■ Problem details:
The line containing "同过一次政治生日。加入党组织" and every line after it, through the end of the records below, are to be reproduced exactly, with the pictures left out.

■ Stored entries:
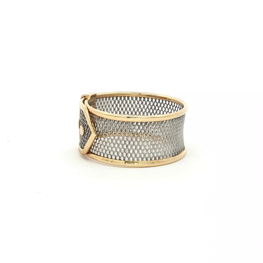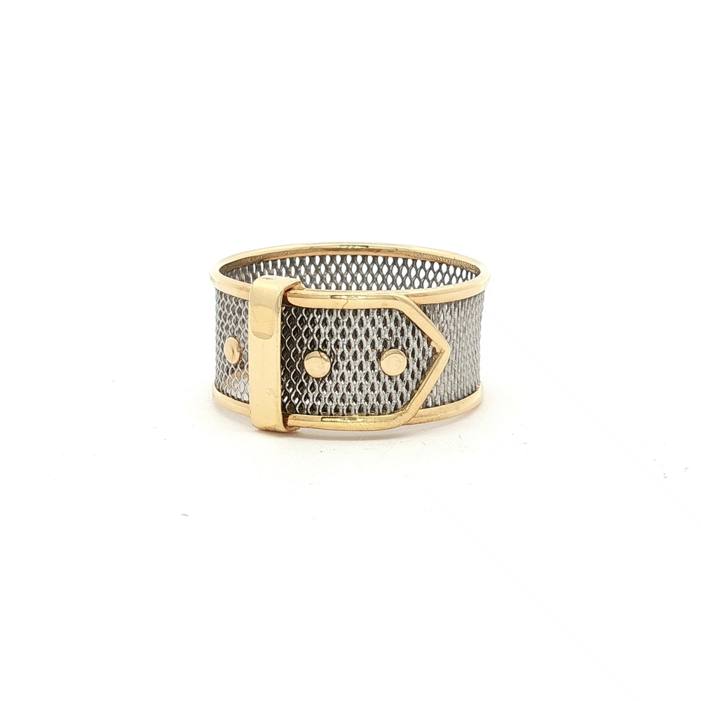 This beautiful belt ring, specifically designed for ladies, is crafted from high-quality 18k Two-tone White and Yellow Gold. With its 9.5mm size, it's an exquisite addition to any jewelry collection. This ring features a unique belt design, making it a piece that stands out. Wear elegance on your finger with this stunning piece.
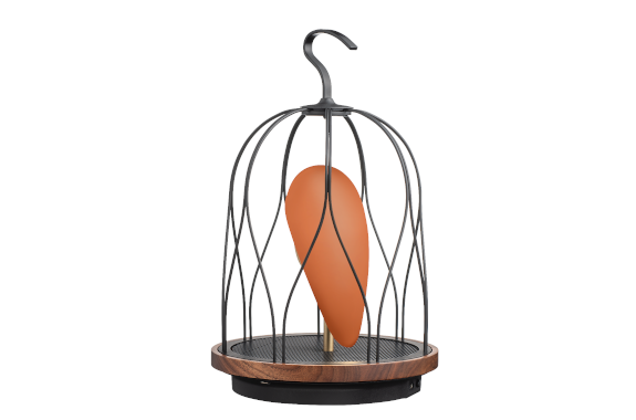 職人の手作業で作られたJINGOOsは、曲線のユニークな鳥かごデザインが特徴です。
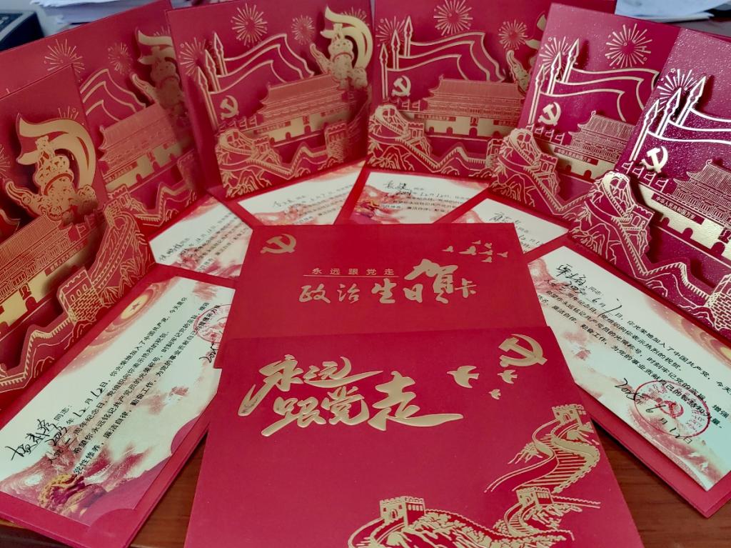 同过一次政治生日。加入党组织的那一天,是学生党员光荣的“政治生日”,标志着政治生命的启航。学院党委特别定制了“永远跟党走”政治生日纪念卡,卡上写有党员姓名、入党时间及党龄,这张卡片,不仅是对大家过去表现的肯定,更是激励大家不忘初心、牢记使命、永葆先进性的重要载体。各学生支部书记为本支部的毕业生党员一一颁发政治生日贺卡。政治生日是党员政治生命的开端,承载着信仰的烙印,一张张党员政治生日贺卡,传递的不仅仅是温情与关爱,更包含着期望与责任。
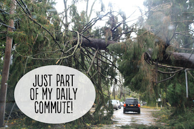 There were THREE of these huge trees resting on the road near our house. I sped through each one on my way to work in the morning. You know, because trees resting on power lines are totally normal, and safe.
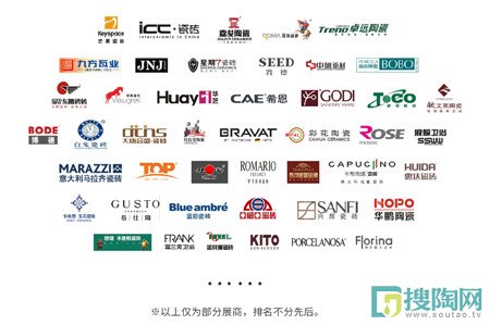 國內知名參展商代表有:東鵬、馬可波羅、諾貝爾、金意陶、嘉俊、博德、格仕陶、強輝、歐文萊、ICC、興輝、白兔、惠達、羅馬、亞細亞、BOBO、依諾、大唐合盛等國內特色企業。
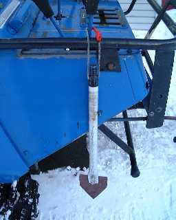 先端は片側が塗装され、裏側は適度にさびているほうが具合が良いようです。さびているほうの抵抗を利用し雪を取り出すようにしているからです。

■ Expected output:
 同过一次政治生日。加入党组织的那一天,是学生党员光荣的“政治生日”,标志着政治生命的启航。学院党委特别定制了“永远跟党走”政治生日纪念卡,卡上写有党员姓名、入党时间及党龄,这张卡片,不仅是对大家过去表现的肯定,更是激励大家不忘初心、牢记使命、永葆先进性的重要载体。各学生支部书记为本支部的毕业生党员一一颁发政治生日贺卡。政治生日是党员政治生命的开端,承载着信仰的烙印,一张张党员政治生日贺卡,传递的不仅仅是温情与关爱,更包含着期望与责任。
 There were THREE of these huge trees resting on the road near our house. I sped through each one on my way to work in the morning. You know, because trees resting on power lines are totally normal, and safe.
 國內知名參展商代表有:東鵬、馬可波羅、諾貝爾、金意陶、嘉俊、博德、格仕陶、強輝、歐文萊、ICC、興輝、白兔、惠達、羅馬、亞細亞、BOBO、依諾、大唐合盛等國內特色企業。
 先端は片側が塗装され、裏側は適度にさびているほうが具合が良いようです。さびているほうの抵抗を利用し雪を取り出すようにしているからです。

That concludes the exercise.